So, a week ago Friday I made it down to the Barnes & Noble in Federal Way, where I'd not been in a while, thinking that it being mid-August there was a good chance they might have next year's Tolkien calendar in.* This year the art is by an artist and fantasy writer who's famous in her own country but practically unknown here: Tove Jansson. I'm not that familiar with Jansson's work, having only read one of the Moomintroll books long ago and thinking at the time that Carol Kendall did that sort of thing better.** But she's apparently one of Finland's best-known and most-translated authors,*** so I shd probably give her work another try.
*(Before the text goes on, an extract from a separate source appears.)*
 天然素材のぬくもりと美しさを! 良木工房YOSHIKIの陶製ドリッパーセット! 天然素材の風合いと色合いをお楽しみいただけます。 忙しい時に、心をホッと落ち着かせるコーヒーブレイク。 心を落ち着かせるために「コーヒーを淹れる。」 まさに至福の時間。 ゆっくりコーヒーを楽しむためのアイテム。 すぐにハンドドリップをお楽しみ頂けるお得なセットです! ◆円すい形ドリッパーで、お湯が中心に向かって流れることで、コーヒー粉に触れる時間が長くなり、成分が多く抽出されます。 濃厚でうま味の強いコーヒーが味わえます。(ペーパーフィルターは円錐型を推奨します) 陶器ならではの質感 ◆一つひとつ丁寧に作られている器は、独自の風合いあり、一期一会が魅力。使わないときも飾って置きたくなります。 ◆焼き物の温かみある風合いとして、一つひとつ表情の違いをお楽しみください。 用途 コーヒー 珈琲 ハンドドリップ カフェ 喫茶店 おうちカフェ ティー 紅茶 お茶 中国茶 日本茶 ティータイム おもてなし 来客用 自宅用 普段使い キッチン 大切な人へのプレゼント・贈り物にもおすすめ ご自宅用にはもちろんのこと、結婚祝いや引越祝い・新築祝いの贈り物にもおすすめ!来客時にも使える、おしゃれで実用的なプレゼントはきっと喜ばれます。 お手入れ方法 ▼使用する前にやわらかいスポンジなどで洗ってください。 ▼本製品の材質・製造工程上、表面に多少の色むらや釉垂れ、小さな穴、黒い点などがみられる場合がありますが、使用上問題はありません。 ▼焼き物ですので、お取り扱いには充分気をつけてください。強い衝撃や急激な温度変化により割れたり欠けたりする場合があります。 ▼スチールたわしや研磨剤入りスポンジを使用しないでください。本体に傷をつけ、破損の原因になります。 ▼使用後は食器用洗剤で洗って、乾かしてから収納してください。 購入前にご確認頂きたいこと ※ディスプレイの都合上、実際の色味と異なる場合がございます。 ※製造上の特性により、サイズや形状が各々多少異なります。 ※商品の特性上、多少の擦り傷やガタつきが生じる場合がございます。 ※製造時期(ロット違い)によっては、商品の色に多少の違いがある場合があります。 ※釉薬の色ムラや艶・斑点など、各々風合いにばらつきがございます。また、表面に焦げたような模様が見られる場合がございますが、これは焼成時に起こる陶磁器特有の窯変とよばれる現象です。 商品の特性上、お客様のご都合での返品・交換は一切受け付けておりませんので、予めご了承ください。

In any case, her illustrations come from the 1962 Swedish edition of THE HOBBIT,**** heretofore mainly known to people by one illustration from it (wargs dancing in the firelight) having appeared in THE ANNOTATED HOBBIT (p. 153) and by its bizarre depiction of Gollum (who strongly resembles one of Sime's pieces from THE GODS OF PEGANA, but clearly cd never have been of hobbit-kind). Oddly enough, the drawings are both childish (in the sense of clearly-geared-to-a-child-audience), yet also quite dark sometimes bleak. It's an odd combination. On the childish side we have the dwarven musicians, complete with Bombur banging away on his drums; on the more solemn side we have the picture of Lake Town, which is almost Escher-like in its brooding staircases going up and up. Both appear mixed in some drawings, a good example of which being the starving dwarves lost in the forest. All in all it's not an art style I enjoy but it does have the virtue of being distinctive.
--John R.
current reading: BROTHER TO DRAGONS (resumed)
* the nearer B&N nr SouthCenter usually having a slimmer selection, though I did see it there not long afterwards.
**here I'm thinking of A WHISPER OF GLOCKEN and THE GAMMAGE CUP more than the later and lesser THE FIRELINGS
***I haven't been able to find out if she was ethnically a Finn or Swede, just that she was both Swedish-speaking and a lifelong resident of what's now Finland (that is, part of a Swedish-speaking minority in Finland).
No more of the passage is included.